Your home is your sanctuary. And keeping it in good condition can save you money.

Woman using sandpaper on some wood

Taking care of your home doesn’t have to be a chore. A few checks and touch ups through the year could save you money in the long run.

1. Prevention rather than cure

It’s the dampest room in the house, so it’s unsurprising that most of us will have to tackle mould issues in the bathroom. By keeping on top of your grout and sealants, you can focus on prevention rather than cure – which is far cheaper. Cleaning tile grout and around sealants helps to keep it in check. Plus, with regular attention you’re more likely to spot anything out of the ordinary, like cracks or leaks, in good time.

2. Tackling mould and damp

If you do find mould, it can usually be removed with household cleaning products designed to get rid of fungus. Mould is caused by excess damp, so try and use an extractor fan or leave the window open to get good air circulation and help the room dry out.

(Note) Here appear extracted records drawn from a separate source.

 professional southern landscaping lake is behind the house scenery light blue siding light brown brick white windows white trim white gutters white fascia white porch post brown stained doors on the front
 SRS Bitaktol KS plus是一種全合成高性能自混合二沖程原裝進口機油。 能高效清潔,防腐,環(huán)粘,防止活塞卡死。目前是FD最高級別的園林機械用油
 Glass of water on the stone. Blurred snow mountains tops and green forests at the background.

Airing rooms helps to prevent damp problems. But if you’re cleaning and airing regularly and you find there’s an area that is always damp, or it keeps coming back, it could be that you have a leak. Don’t worry. It’s better to spot this early. Check your home insurance policy, as it may cover repairs.

3. Window maintenance

Windows are expensive to replace. But you can help give them a long and healthy life. If you have wooden window frames, a lick of paint goes a long way. Repaint them once a year to keep wood rot at bay. Simply cleaning the glass regularly also helps keep wooden frames in good condition.

4. Forgotten areas

Give your loft a quick check before the winter months – that way if anything that needs fixing you can get it sorted before the weather get colder and wetter. Look for:

  • Tears to the roof lining
  • Rot or decay in timbers
  • Crack in the water pipes or tank
  • Signs of wasps nests or vermin 
  • Insulation that is at least 250mm thick, as this could save you money on energy bills.

5. Uninvited guests

Are you sharing your house with uninvited residents? Pests may be small but they can damage your property if left to their own devices. Tell-tale signs of mice or rats are droppings and gnawed furniture and/or wiring. Moths will make themselves known by taking small bites out of your clothes, especially if you have natural fibres such as wool, silk and cotton. Small holes in your floorboards could be a sign of woodworm. 

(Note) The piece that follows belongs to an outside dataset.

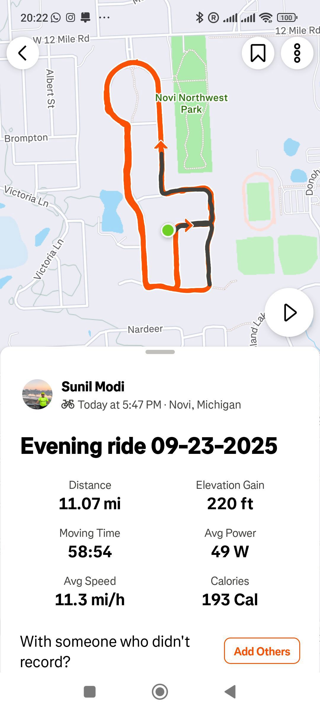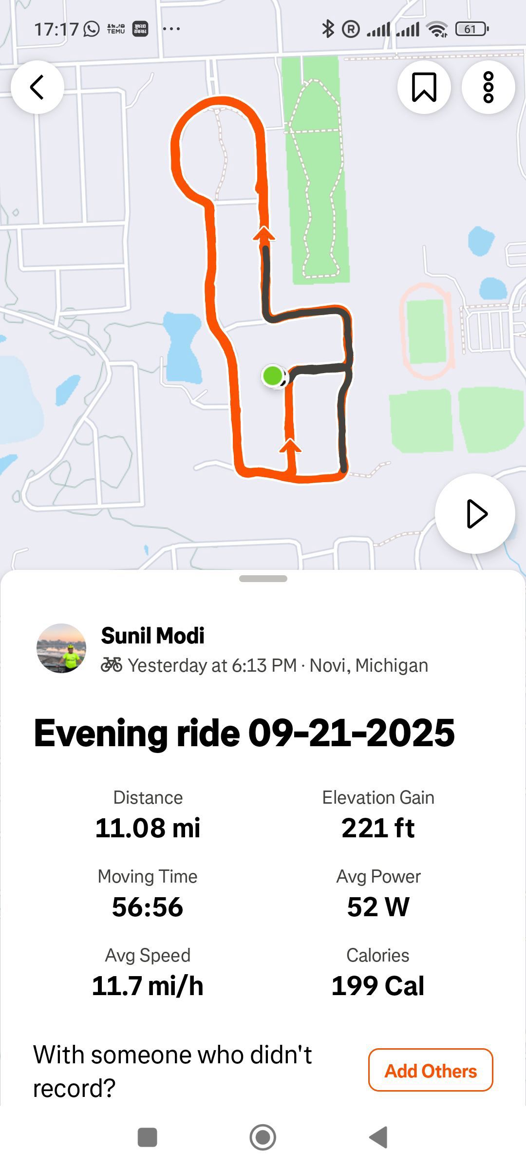 5.4 mi ride - Evening ride2 7 Sep 2025 - GCC ride#20 - Saturday, September 27, 2025
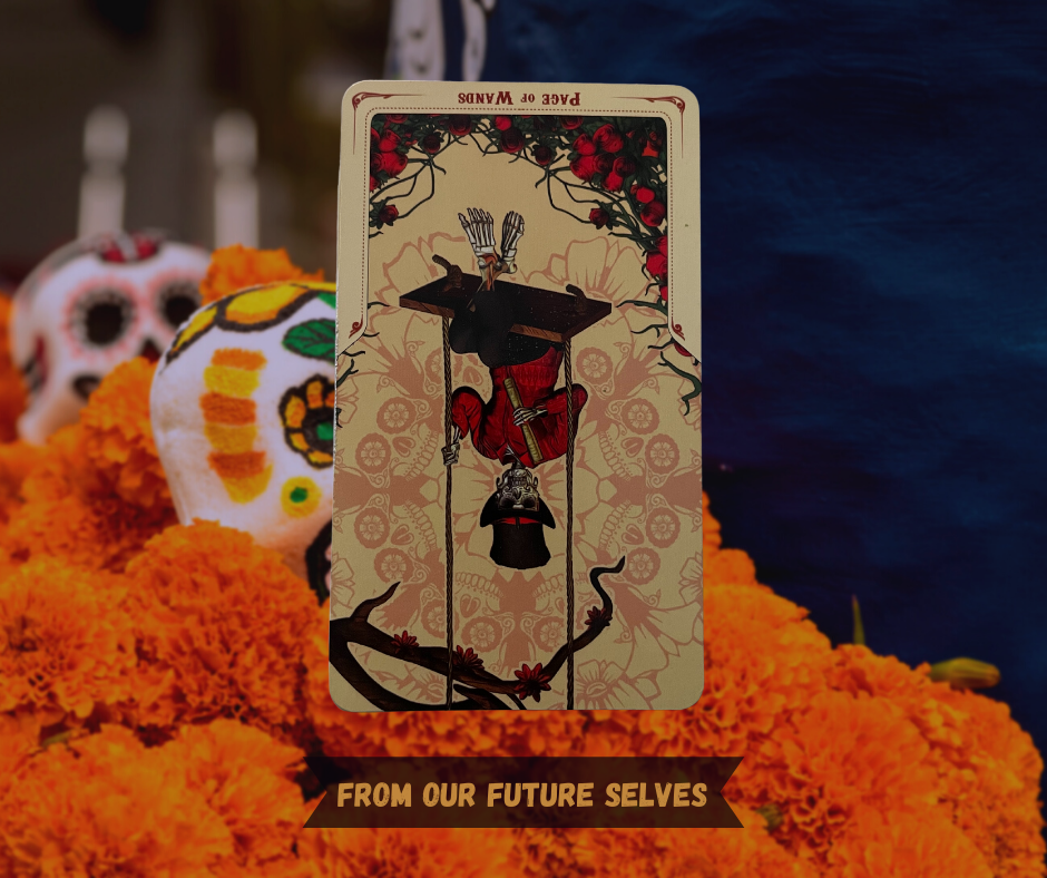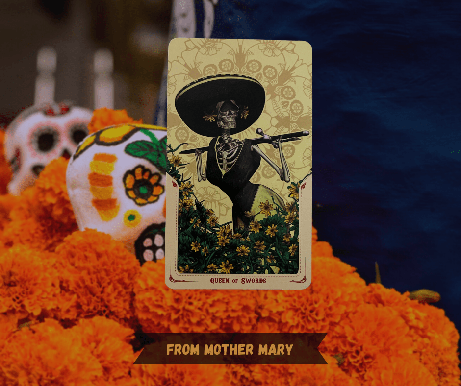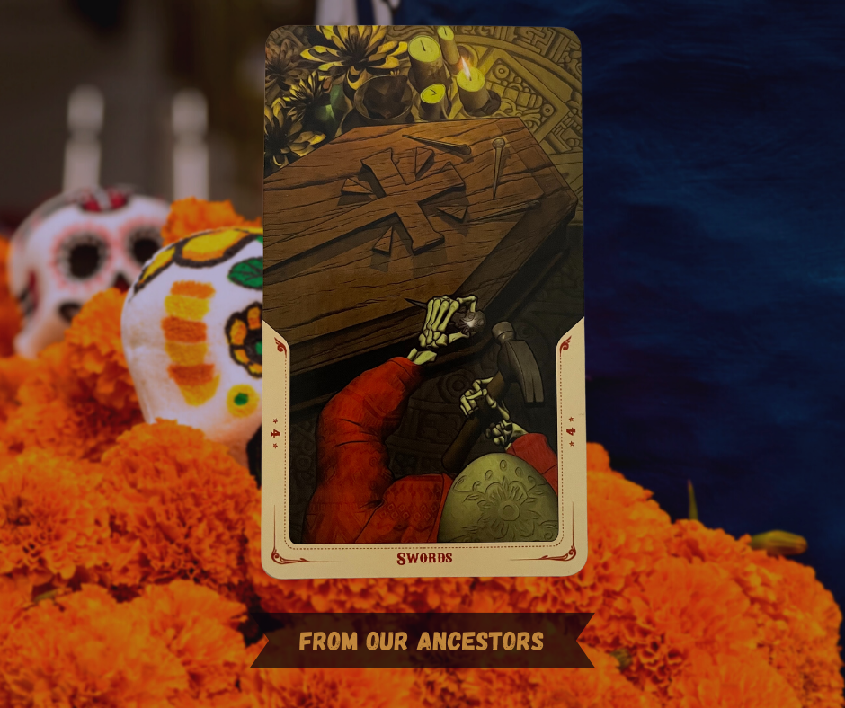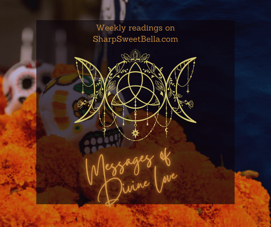 This is the last week I’ll be using the Santa Muerte tarot deck. A beautiful deck for this time of year, but it’s also been carrying a disproportionate weight for these messages of love. It needs a break – and it’s asking us specifically to give our own ancestors a bit of a break this week as well. Once we wind up our Samhain, All Hallows, All Saints, All Soul’s and Dia de Los Muertos celebrations, need to let our ancestors rest for a bit. We have gotten as much out of this form of inquiry as we needed this year. It is okay to let us & them have a bit of a restorative nap.

As soon as you spot the signs, call a professional in to assess and offer a solution. It’s always worth checking your home and contents insurance to see if you’re covered for pest clauses.

6. Get back to nature

A garden that is well loved can add value to your property if you’re selling. Not only that, but tending to your outside space could save you time and money on more serious structural damage.

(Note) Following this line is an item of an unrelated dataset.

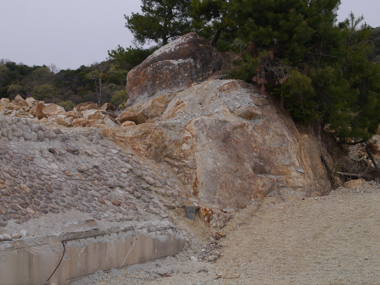 このようにかなり大きな岩もあるが、一部は削り取られてしまっている。この岩は中央部の緑の中に有るものだったと記憶している。
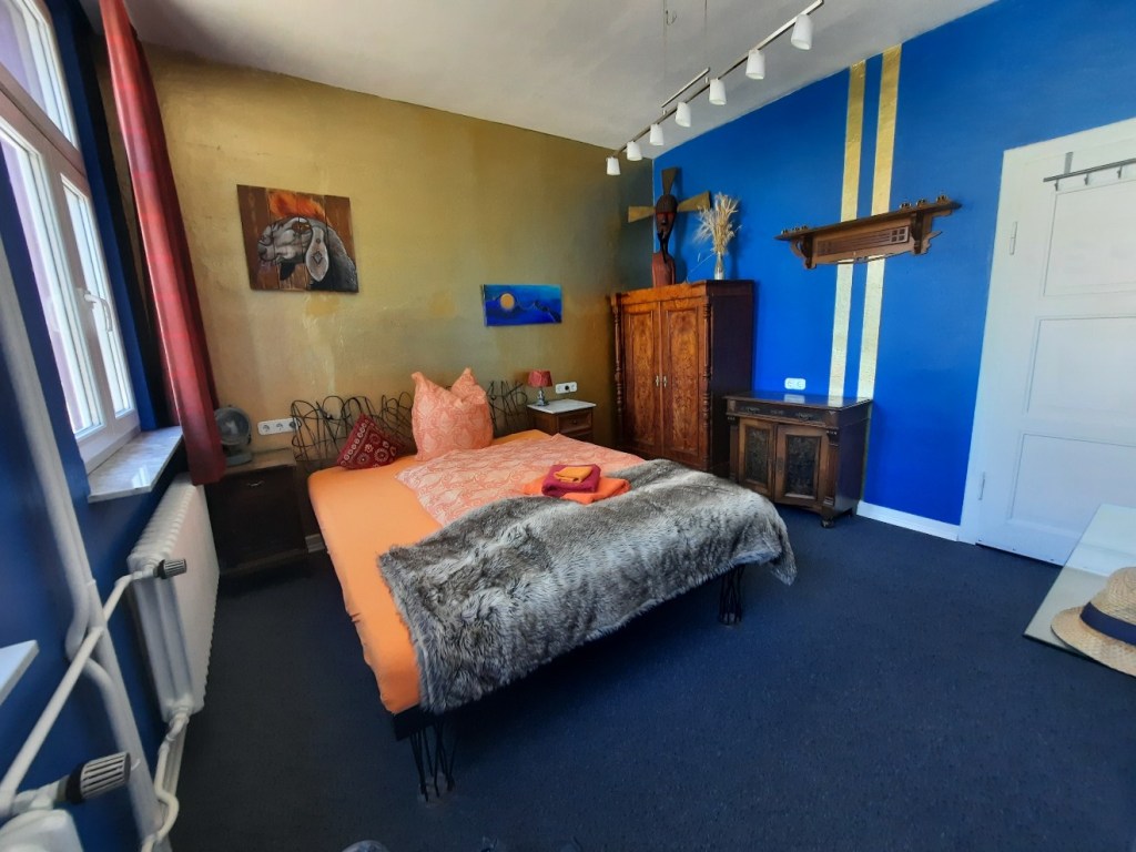 Johannes bietet in seinem Haus Farbenfroh Zimmer an. Ich werde herzlich in seinen bunt eingerichteten Vier-Wänden begrüßt. Er sammelt Kunstgegenstände und überall gibt es was zu entdecken. Ich fühle mich direkt wohl.

  • Give your shrubs some space. Shrub and tree roots can damage drainage pipes and even cause subsistence if they are too close to the walls of your house.
  • Check for large tree roots. Large trees have large roots, and these can be a problem for your foundations.
  • Cut back wall climbers and creepers. Plants growing on your house look idyllic, but it’s important to keep them in check. Over time they can cause damp and damage the structure of the house.
  • Introduce a wild area. If you have the space, allow part of the garden to grow wild flowers. A wild area will invite more bees and help your garden become part of the eco system.